This is only a temporary info. Refined one will come later.
Barbados is a wonderful place. We loved it very much. It has culture, interesting history and SPECTACULAR natural landscapes, together with tropical gardens, smooth torquois color beaches with white sand (Carribean Sea) on the southwest and rugged dark blue coastlines the east side (Atlantic) of the island.
Barbados is large enough (in terms of the things you can do there) to keep you busy for 7-10 days, and it is small enough that you can travel to any part of it with bus (taxi is very expensive, so as driving). The longest trip requires only one bus transfer. The lodging could be from very cheap to several thousand dollars a night. (The local people are very proud of it having Concord flight 3 times a week in season, and one off-season, to indicate its capabilities accomodating clitentile wanting luxury.) We stayed in a small apartment hotel, quiet, oceanfront, every night you sleep in the surfing sound. The ocean-facing wall of our living room/dining room is a louvre door, it can widely open to the ocean. We enjoyed our breakfast with tropical fruit with the fresh ocean breeze every morning.
Barbados is very clean, people are very friendly and well mannered. We walked through villages, the local people waved and talked to us. It is a highly educated population, top industries are no long concentrated in only tourist, but data processing, offshore-banking etc.
We walked along the magnificent coastlines (east is the Atlantic, very ruggy, all cliffs, and you see great splashes) for whole afternoon for miles, and no one else was there! You hear the soaring ocean rolling over towards the cliff, sounds like tens of thousands of army charging onwards. The west coast is lined with wonderful beaches and resorts. Great place for body surfing. Every segments of its coastline has very different view/sceneries - that is the interesting part of Barbados.
The Barbados people proudly claim that their water is the cleanest in the world (fitered with natural coral, the whole island is not vocanic but coral).
Barbados has several few beautiful plantations, such as the Sunbury Plantation.
Barbados has world class restaurants, talking about these ocean front restaurants, where the ocean is right next to your table, and you are served by a 'team' of waiting staff: everyone has a particular role and only: takes order, brings the drink, brings the appitizer, brings your entree, takes the order of desserts, and last brings the desserts. Of course one passes onto you the bill.

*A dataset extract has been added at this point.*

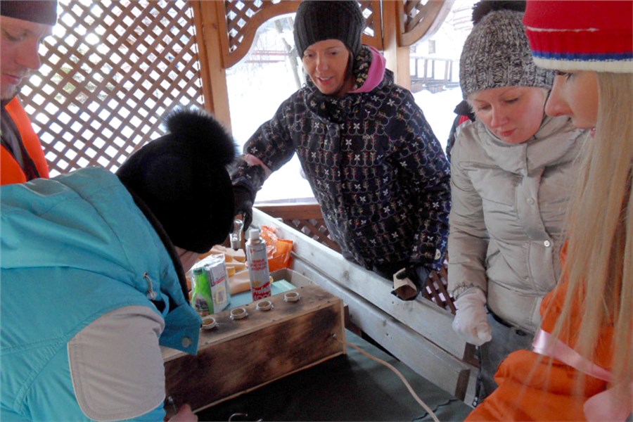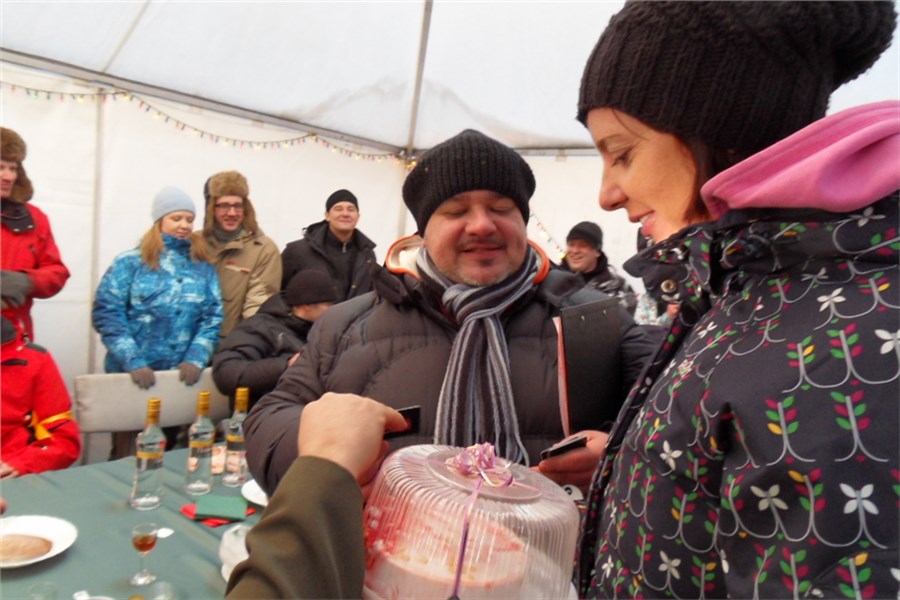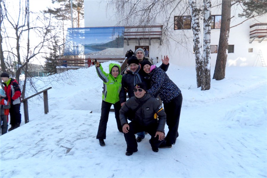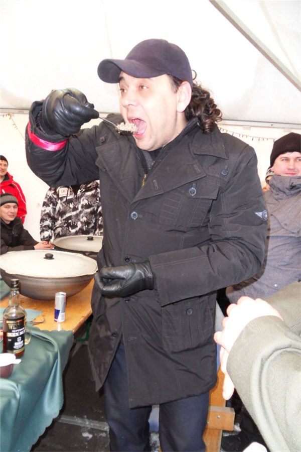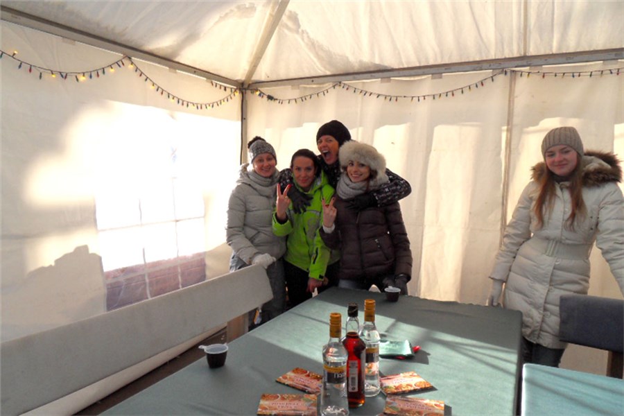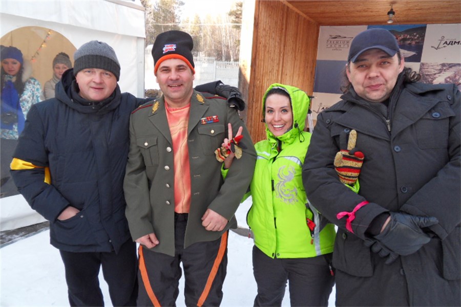 Вокруг одни знакомые лица: медийные персоны, бизнесмены, рестораторы. Кто с детьми, кто со своими вторыми половинками. Началась игра. Разбившись на команды девочек и мальчиков, мы понеслись выполнять задания. Женская команда получилась одна, зато мужских - четыре. Стрельба из рогатки по банкам оказалась самым сложным этапом. Попал в цель только один участник. Чуть лучше были результаты по метанию снежков в ведра - зимний баскетбол какой-то. А вот в верховой езде преимущество явно было у девчонок. Изящная «детальная» Елена Попенко смотрелась на коне как персонаж из художественного фильма. Успех нас ждал и на этапе с хасками. В роли каюра выступала владелица турфирмы Елена Непомнящая. Такое ощущение, что она всю жизнь только на собаках и ездила. Мужчин хаски тащили не так быстро - пришлось даже заезд отложить. Собаки поленились бежать и уснули.

In Barbados, you can hike, bike, swim, scuba dive, snorkel, parachute, parasail, or even get onto the sea with a glass-buttom boat (goes to 30-40 feet deep) or even a submarine for about 50 meters (150 feet deep) (only 5 of those serving for tourist purpose in the world!)
We took an island-tour the first day to have a general idea where we like the most, then we went to each place for the details ourselves in the rest of days.
We also walked a lot on the island just to see the local people and architecture and culture.
We simply loved our time there. With all that, the top thing is that it is not as touristy as other carribean countries.